* _ASSIGNMENT_
Line by line, repeat the material below exactly and leave the images out.

* _DATASET EXCERPT_
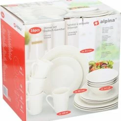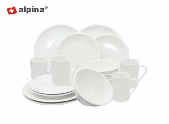 Deze set van Alpina bestaat uit 4 dinerborden, 4 dessertborden, 4 kommen en 4 bekers.
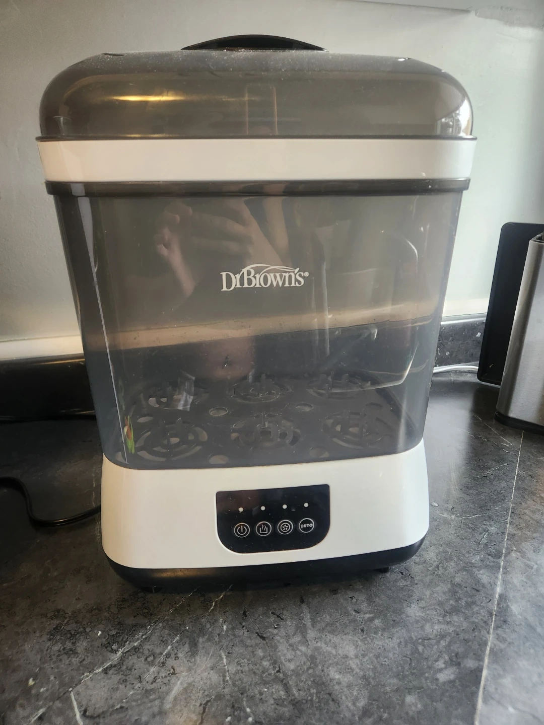 Dr. Brown's sterilizer with multiple components included. This unit helps sanitize baby bottles and accessories. Upper tray is perfect for small parts. Very user friendly.
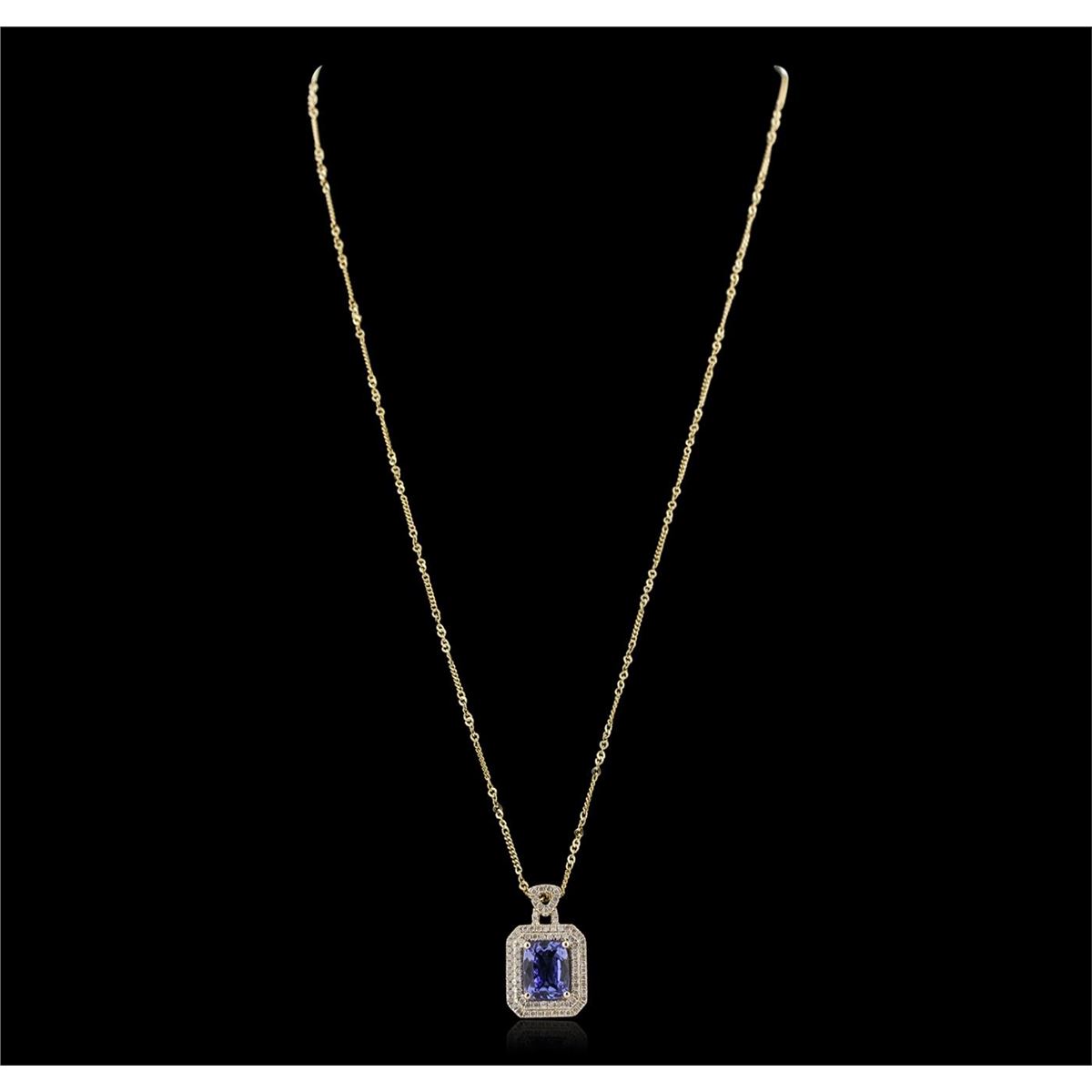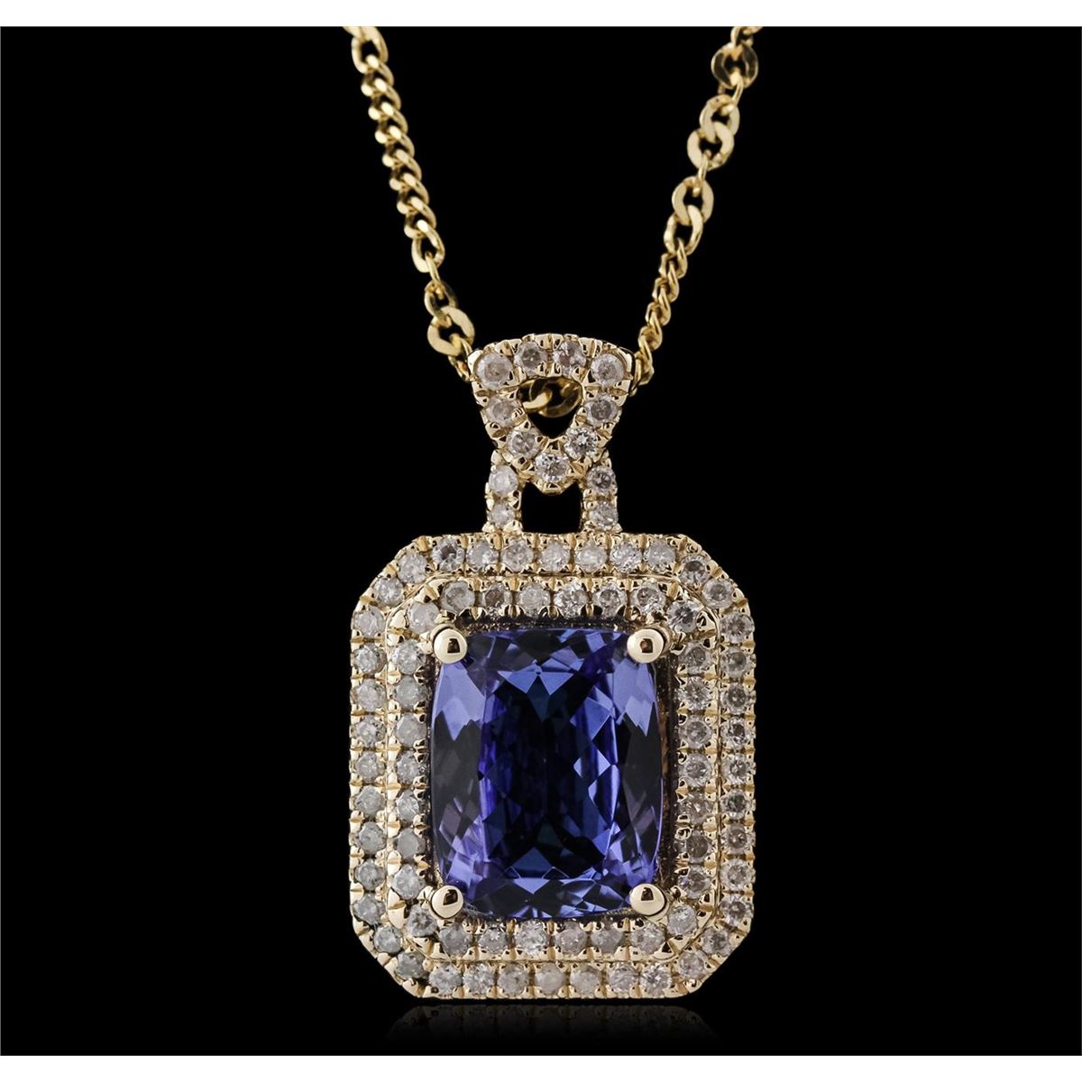 One electronically tested 14KT yellow gold ladies cast & assembled tanzanite and diamond pendant with chain. The pendant features a tanzanite set within two tiered diamond bezels, completed by a diamond set bail. The pendant is supported by an eighteen inch length 14KT yellow gold designer style chain, terminating in a spring ring clasp. Bright polish finish. Trademark is Orianne. Identified with markings of "14K". Condition is new, good workmanship. Containing: One prong set rectangular cushion brilliant cut natural tanzanite, measuring 10.10 x 8.00 x 4.70mm, 6% bulge factor, approximate weight of 3.17ct., clarity is eye clean, type I, medium dark, very slightly grayish, violetish blue color, (GIA vB 6/3), cut is good. Transmitting light with no distortion, transparent. Graded in the setting. Tanzanite is a very rare gemstone that is only found in the country of Tanzania. Originally discovered in 1967. Tiffany & Company, named the stone Tanzanite. It is found in the Usumburu Mountains that border the Umba Valley of northern Tanzania. Tanzanite occurs in gray, brown, violet, blue, reddish-purple, & green. The gem is interesting because of its exceptional pleochroism. Rotated in different directions a tanzanite will exhibit multiple changes of color. Tanzanite has a low tolerance to ultrasonic cleaning, and should not be cleaned using this method. Eighty-Three prong set round brilliant cut diamonds, measuring 1.20 - 1.10 x 0.69mm (depth est.) approximate total weight of 83 Stones = 0.55ct. Graded in the setting. Clarity: I-1 to I-2. Color: G - I. Total Weight of Colored Stones 3.17ct. Total Weight of Diamonds 0.55ct. Total Weight of Pendant With Chain 5.44 grams. AIG Appraised at $10,505.00.

* _RESPONSE AREA_
 Deze set van Alpina bestaat uit 4 dinerborden, 4 dessertborden, 4 kommen en 4 bekers.
 Dr. Brown's sterilizer with multiple components included. This unit helps sanitize baby bottles and accessories. Upper tray is perfect for small parts. Very user friendly.
 One electronically tested 14KT yellow gold ladies cast & assembled tanzanite and diamond pendant with chain. The pendant features a tanzanite set within two tiered diamond bezels, completed by a diamond set bail. The pendant is supported by an eighteen inch length 14KT yellow gold designer style chain, terminating in a spring ring clasp. Bright polish finish. Trademark is Orianne. Identified with markings of "14K". Condition is new, good workmanship. Containing: One prong set rectangular cushion brilliant cut natural tanzanite, measuring 10.10 x 8.00 x 4.70mm, 6% bulge factor, approximate weight of 3.17ct., clarity is eye clean, type I, medium dark, very slightly grayish, violetish blue color, (GIA vB 6/3), cut is good. Transmitting light with no distortion, transparent. Graded in the setting. Tanzanite is a very rare gemstone that is only found in the country of Tanzania. Originally discovered in 1967. Tiffany & Company, named the stone Tanzanite. It is found in the Usumburu Mountains that border the Umba Valley of northern Tanzania. Tanzanite occurs in gray, brown, violet, blue, reddish-purple, & green. The gem is interesting because of its exceptional pleochroism. Rotated in different directions a tanzanite will exhibit multiple changes of color. Tanzanite has a low tolerance to ultrasonic cleaning, and should not be cleaned using this method. Eighty-Three prong set round brilliant cut diamonds, measuring 1.20 - 1.10 x 0.69mm (depth est.) approximate total weight of 83 Stones = 0.55ct. Graded in the setting. Clarity: I-1 to I-2. Color: G - I. Total Weight of Colored Stones 3.17ct. Total Weight of Diamonds 0.55ct. Total Weight of Pendant With Chain 5.44 grams. AIG Appraised at $10,505.00.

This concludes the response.